Provided records ▸
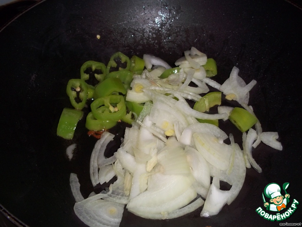 Лук режем полукольцами и добавляем к перцу, жарим 3-4 минуты.
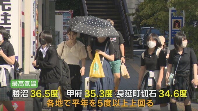 最高気温は勝沼で36.5度、甲府で35.3度などと各地で平年を5度以上上回り、勝沼は5日、甲府は2日続けて35度を超える猛暑日となりました。
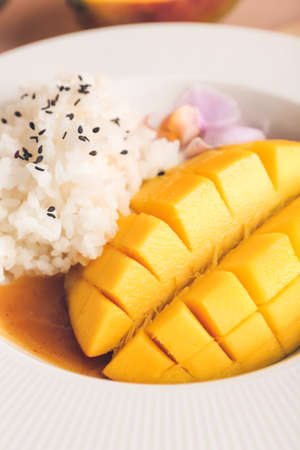 Delicious mango sticky rice serve with coconut milk on wooden table. Popular traditional dessert of Thailand.
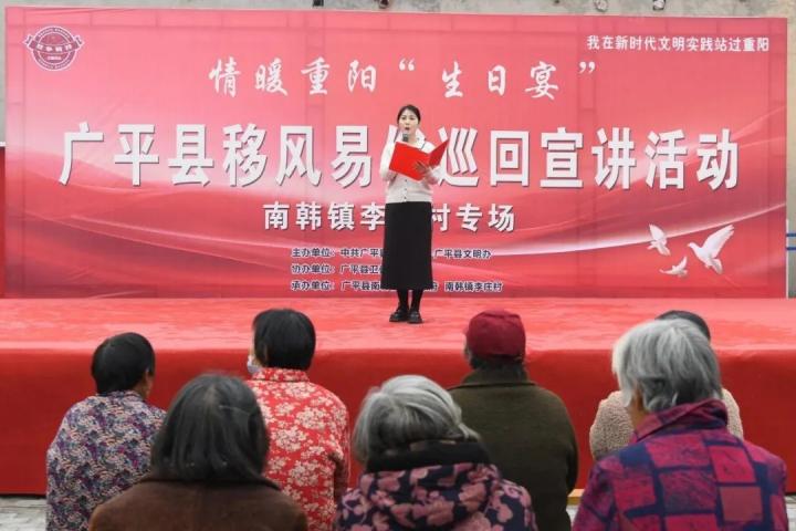 在广平县,文艺汇演融入移风易俗宣讲,胜营镇、广平镇、十里铺镇、南韩镇的宣讲员,分别为大家讲述了八年来悉心照料小脑萎缩婆婆,和丈夫外出工作时带着婆婆同吃同住,深深将孝老爱亲的责任扛在肩上的王瑞霞事迹;主动取消订婚宴、践行婚事新办文明风尚,婚后相互支持,孝顺父母的郭静涛、郑凤杰夫妇事迹;主动摒弃高价彩礼、大操大办的陈规陋习,以简约而庄重的汉服婚礼践行文明新风的郝子凯、王勤夫妇事迹;三十年来精心照料瘫痪婆婆,耐心开导老人情绪,年年荣获“好媳妇”荣誉称号的李九香事迹。一个个发生在大家身边的真实故事,引发在场群众强烈共鸣。
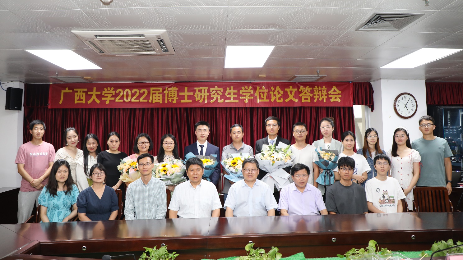 参加答辩的博士研究生与答辩主席、答辩委员、部分在读研究生们合影留念
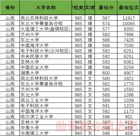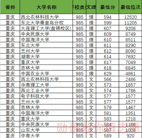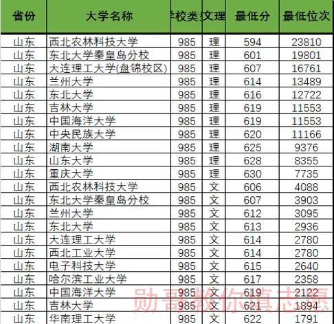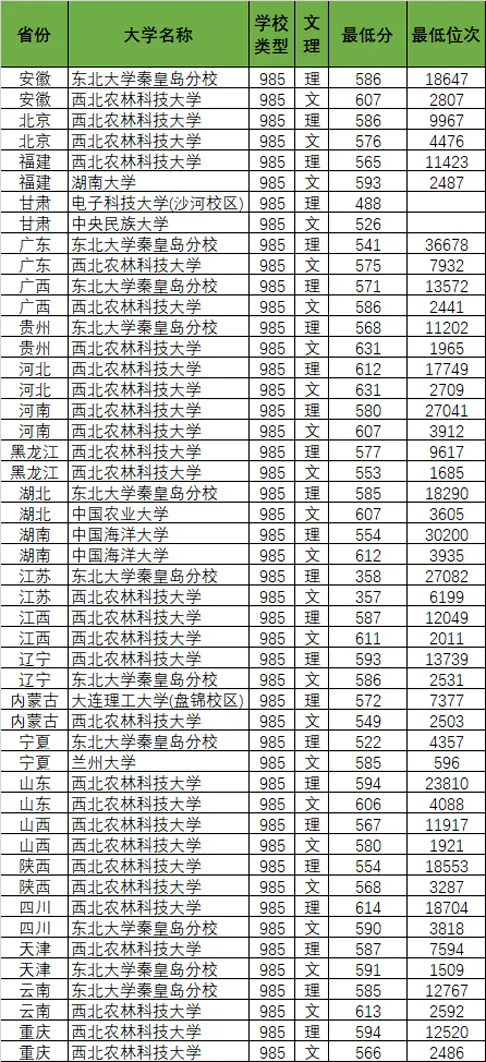 从全国高考的录取数据来看,哪些985大学的录取分数最低?

How to complete this task ▸ Please reproduce the listing exactly, leaving out any pictures.

Response ▸
 Лук режем полукольцами и добавляем к перцу, жарим 3-4 минуты.
 最高気温は勝沼で36.5度、甲府で35.3度などと各地で平年を5度以上上回り、勝沼は5日、甲府は2日続けて35度を超える猛暑日となりました。
 Delicious mango sticky rice serve with coconut milk on wooden table. Popular traditional dessert of Thailand.
 在广平县,文艺汇演融入移风易俗宣讲,胜营镇、广平镇、十里铺镇、南韩镇的宣讲员,分别为大家讲述了八年来悉心照料小脑萎缩婆婆,和丈夫外出工作时带着婆婆同吃同住,深深将孝老爱亲的责任扛在肩上的王瑞霞事迹;主动取消订婚宴、践行婚事新办文明风尚,婚后相互支持,孝顺父母的郭静涛、郑凤杰夫妇事迹;主动摒弃高价彩礼、大操大办的陈规陋习,以简约而庄重的汉服婚礼践行文明新风的郝子凯、王勤夫妇事迹;三十年来精心照料瘫痪婆婆,耐心开导老人情绪,年年荣获“好媳妇”荣誉称号的李九香事迹。一个个发生在大家身边的真实故事,引发在场群众强烈共鸣。
 参加答辩的博士研究生与答辩主席、答辩委员、部分在读研究生们合影留念
 从全国高考的录取数据来看,哪些985大学的录取分数最低?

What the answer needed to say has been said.